Provided data:

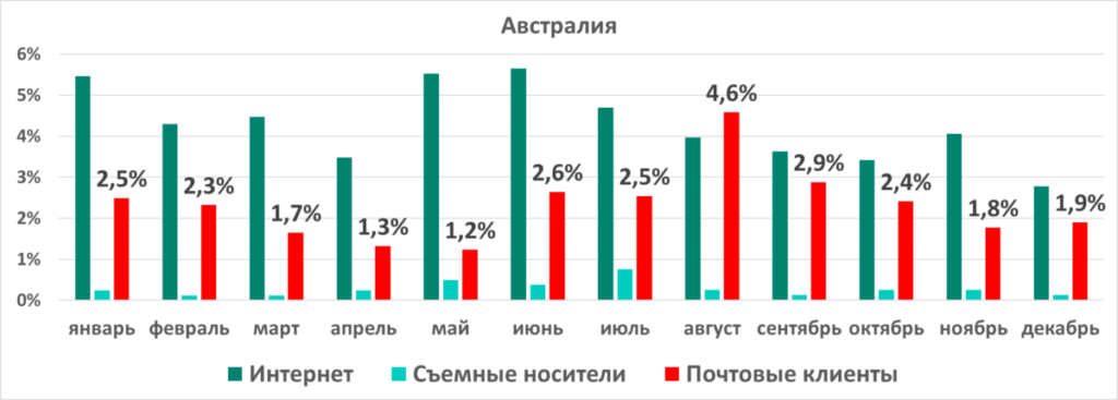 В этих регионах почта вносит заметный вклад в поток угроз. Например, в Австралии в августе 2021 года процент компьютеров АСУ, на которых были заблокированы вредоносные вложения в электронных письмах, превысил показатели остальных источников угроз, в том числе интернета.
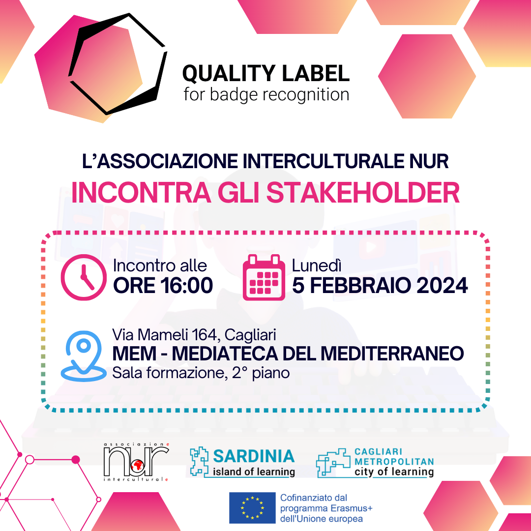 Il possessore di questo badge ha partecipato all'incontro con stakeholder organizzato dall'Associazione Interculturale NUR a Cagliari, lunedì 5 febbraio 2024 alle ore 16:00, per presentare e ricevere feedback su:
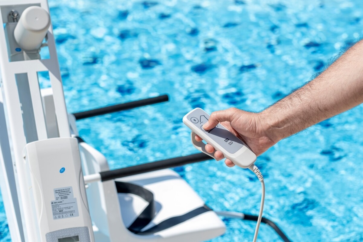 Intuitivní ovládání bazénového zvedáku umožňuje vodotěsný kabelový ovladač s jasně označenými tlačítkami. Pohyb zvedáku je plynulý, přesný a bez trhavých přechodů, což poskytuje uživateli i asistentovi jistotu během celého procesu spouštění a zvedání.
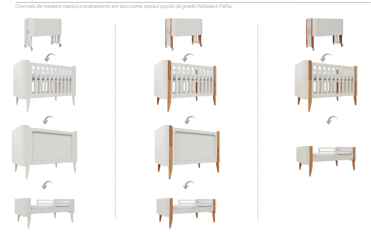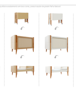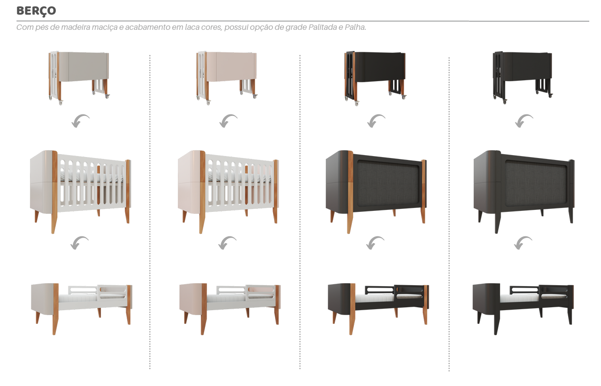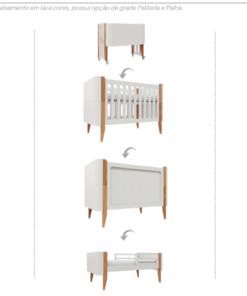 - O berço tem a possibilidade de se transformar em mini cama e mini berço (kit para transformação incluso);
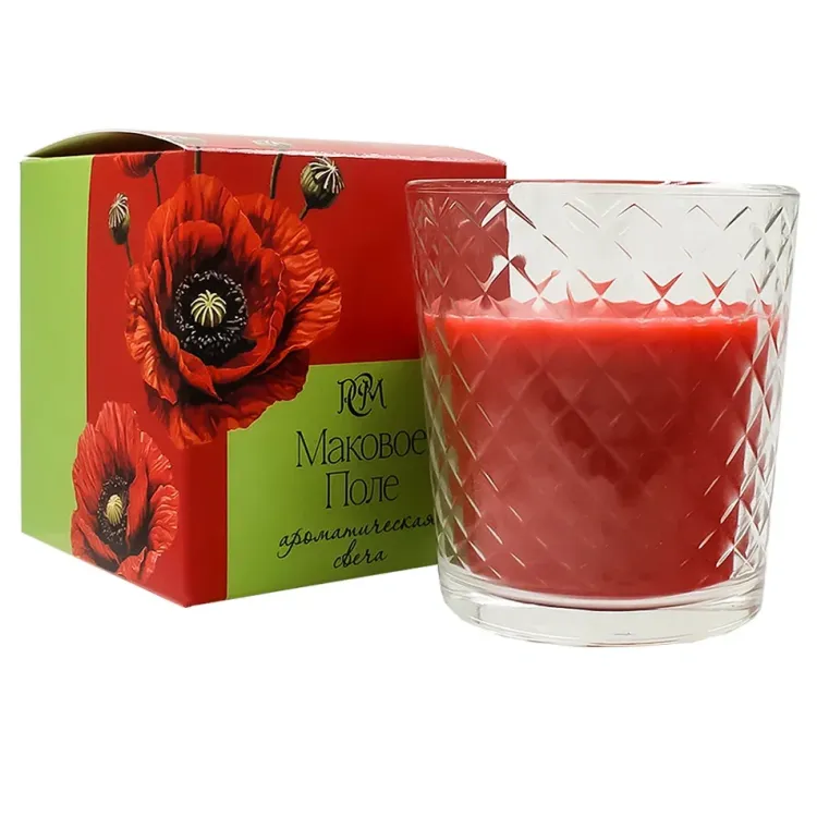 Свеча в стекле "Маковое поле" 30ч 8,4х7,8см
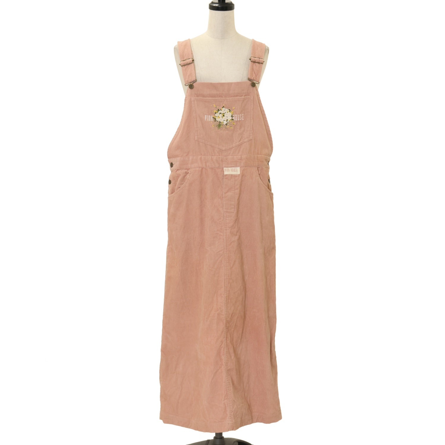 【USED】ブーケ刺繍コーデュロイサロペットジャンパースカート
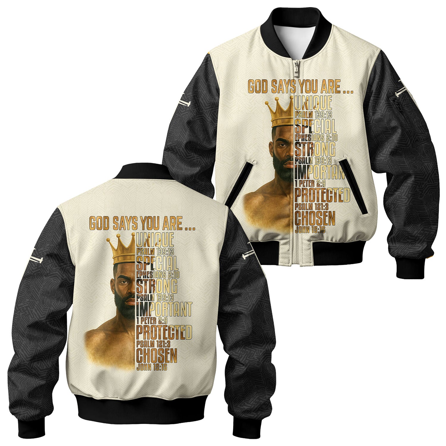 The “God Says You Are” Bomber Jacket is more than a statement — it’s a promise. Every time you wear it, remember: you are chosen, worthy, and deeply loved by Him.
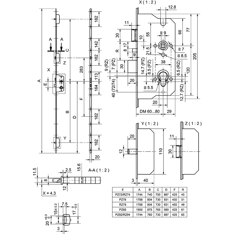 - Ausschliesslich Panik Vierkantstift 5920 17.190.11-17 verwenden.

* * *

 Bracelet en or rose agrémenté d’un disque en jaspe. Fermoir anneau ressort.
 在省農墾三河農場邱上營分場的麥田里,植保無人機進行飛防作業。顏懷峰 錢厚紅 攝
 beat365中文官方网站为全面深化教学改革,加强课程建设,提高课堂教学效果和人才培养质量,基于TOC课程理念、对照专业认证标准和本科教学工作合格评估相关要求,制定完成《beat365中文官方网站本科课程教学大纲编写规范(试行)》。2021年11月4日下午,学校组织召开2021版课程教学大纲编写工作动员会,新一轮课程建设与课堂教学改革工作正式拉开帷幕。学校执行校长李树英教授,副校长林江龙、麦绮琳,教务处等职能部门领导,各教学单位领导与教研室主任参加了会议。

...

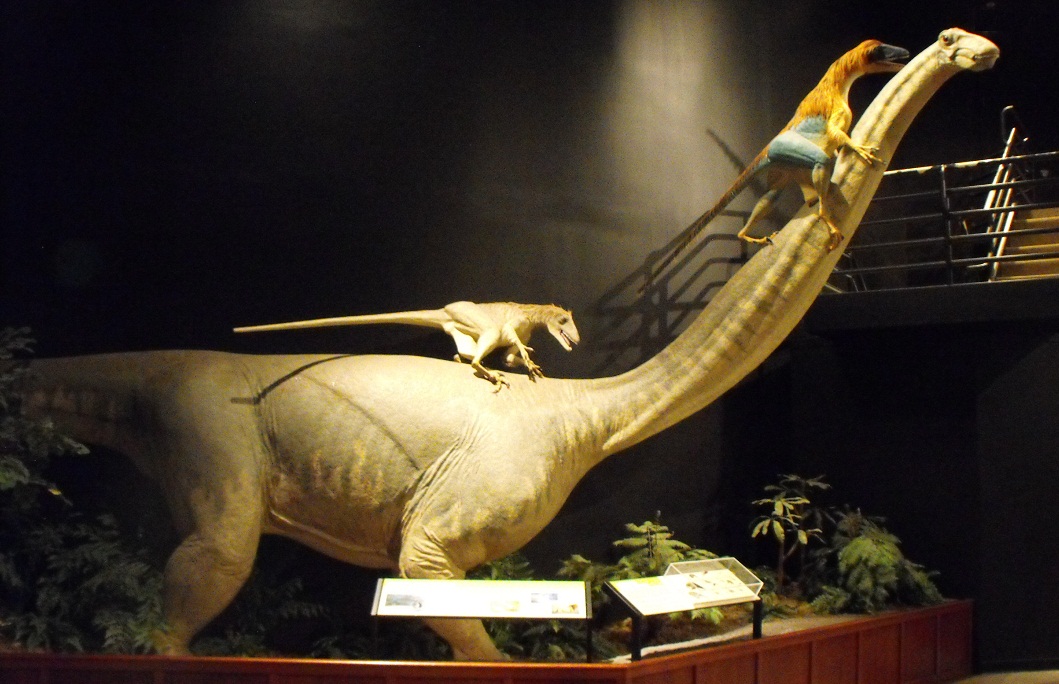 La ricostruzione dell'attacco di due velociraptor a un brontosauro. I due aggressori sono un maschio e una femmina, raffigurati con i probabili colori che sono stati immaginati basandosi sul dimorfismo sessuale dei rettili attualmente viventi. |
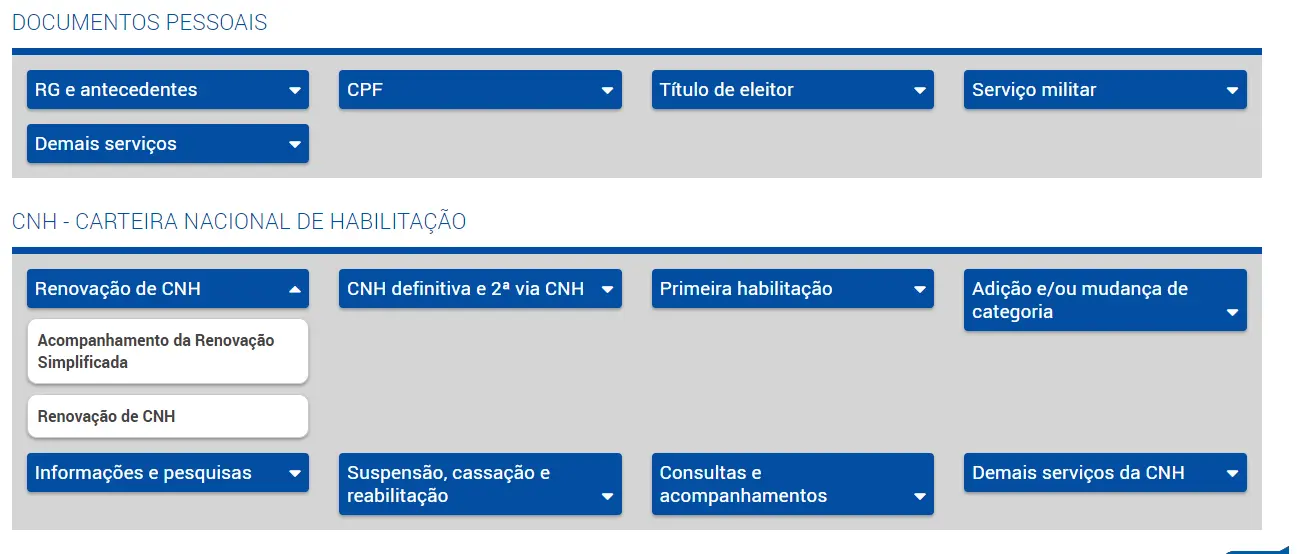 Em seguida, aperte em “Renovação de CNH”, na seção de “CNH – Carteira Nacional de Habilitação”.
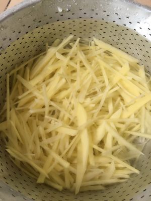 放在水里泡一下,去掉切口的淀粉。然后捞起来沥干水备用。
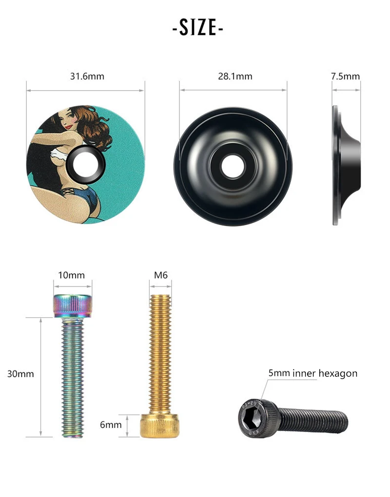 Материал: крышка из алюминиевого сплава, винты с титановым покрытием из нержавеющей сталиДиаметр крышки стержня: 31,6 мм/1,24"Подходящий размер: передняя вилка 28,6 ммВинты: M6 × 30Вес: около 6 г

Work order:
Copy the lines above exactly. Start with the line containing "Bracelet en or", end with the line containing "在省農墾三河農場邱上營分場的麥田里,植保無人機進行飛防作業。顏懷峰 錢厚紅 攝", and include both.

Output for this exercise:
 Bracelet en or rose agrémenté d’un disque en jaspe. Fermoir anneau ressort.
 在省農墾三河農場邱上營分場的麥田里,植保無人機進行飛防作業。顏懷峰 錢厚紅 攝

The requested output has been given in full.